Explaining different perspectives of looking at Corporate Governance, she said these are practices to be followed over and above the rules and prescriptions - not because it is imposed but because it adds value to management, stakeholders and society at large.
Outlining constituents of corporate governance, she said that the first responsibility for corporate governance lies with the Board of Directors – made more robust, wider, broad and comprehensive against the backdrop of the new Companies Act. Next in line is society – since businesses not only have to be socially responsible, but they have to ensure that they do not cause society harm. This would be followed by responsibility towards the environment and climate change. Adding to the general definition of corporate governance, she spoke about the need for healthy workplace practices; gender diversity etc while highlighting the complex role of the HR.

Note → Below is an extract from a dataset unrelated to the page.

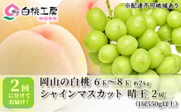 桃 ぶどう 2025年 先行予約 白桃 2kg シャインマスカット 晴王 2房 1房550g以上 2回に分けてお届け!もも 葡萄 定期便 岡山 国産 フルーツ 果物 ギフト 桃茂実苑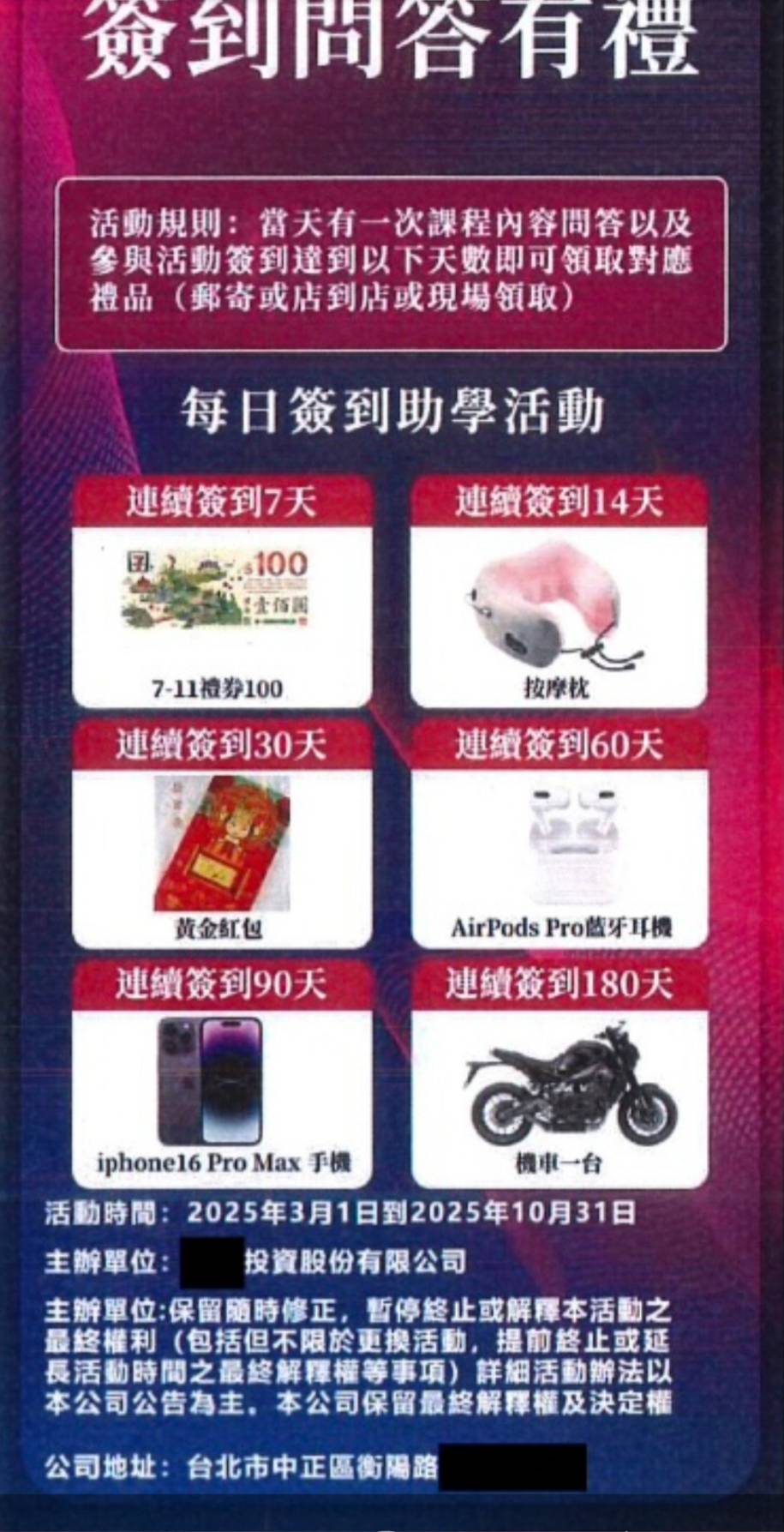 刑事局偵四大隊(第三隊)偵破張姓犯嫌為首之詐騙集團,與境外詐欺機房配合,以假投資手法誆騙被害人投入資金,並以累計登入天數抽好禮為噱頭吸引被害人,當被害民眾累積登入天數欲兌換禮品時,張嫌即與境外機房配合,指示旗下成員將指定之禮品寄出,甚至為取信被害人,張嫌另租用高級商辦大樓,設立假投資公司,讓被害人親自到訪後誤信為投資公司辦公室,詐騙集團設下重重圈套,最後待被害人投入大量資金,未能拿回報酬,才驚覺受騙。.jpg)

She enumerated further by talking about the responsible use of technology while controlling risks like cyber security. Expanding the scope of Corporate Governance, Ms Kochhar coined ‘compliance with conscience’ describing creating a culture of transparency and responsibility towards organisational culture. She also highlighted the importance of digitisation, social media and mobilization to meet the demands of today’s youth.

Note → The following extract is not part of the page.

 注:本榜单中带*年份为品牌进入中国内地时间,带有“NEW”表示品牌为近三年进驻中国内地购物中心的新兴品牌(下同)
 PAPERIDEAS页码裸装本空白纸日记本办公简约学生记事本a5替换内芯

Setting the tone at the session, Mr Jim Smith, President and CEO, Thomson Reuters spoke about how the culture of strong corporate governance is essential to meeting increasingly complex global regulatory standards and maintaining the confidence of the global investment and stakeholder community. He asserted how technology is enabling more transparency and consistency within governance processes, contributing to better performance.
Earlier, delivering the welcome remarks, Mr Nimesh Kampani, Chairman, JM Financial Group called Corporate governance a tool for value creation. He explained that while everyone perceives value differently, corporates need to ensure that all stakeholders – whether direct or indirectly shall benefit from it.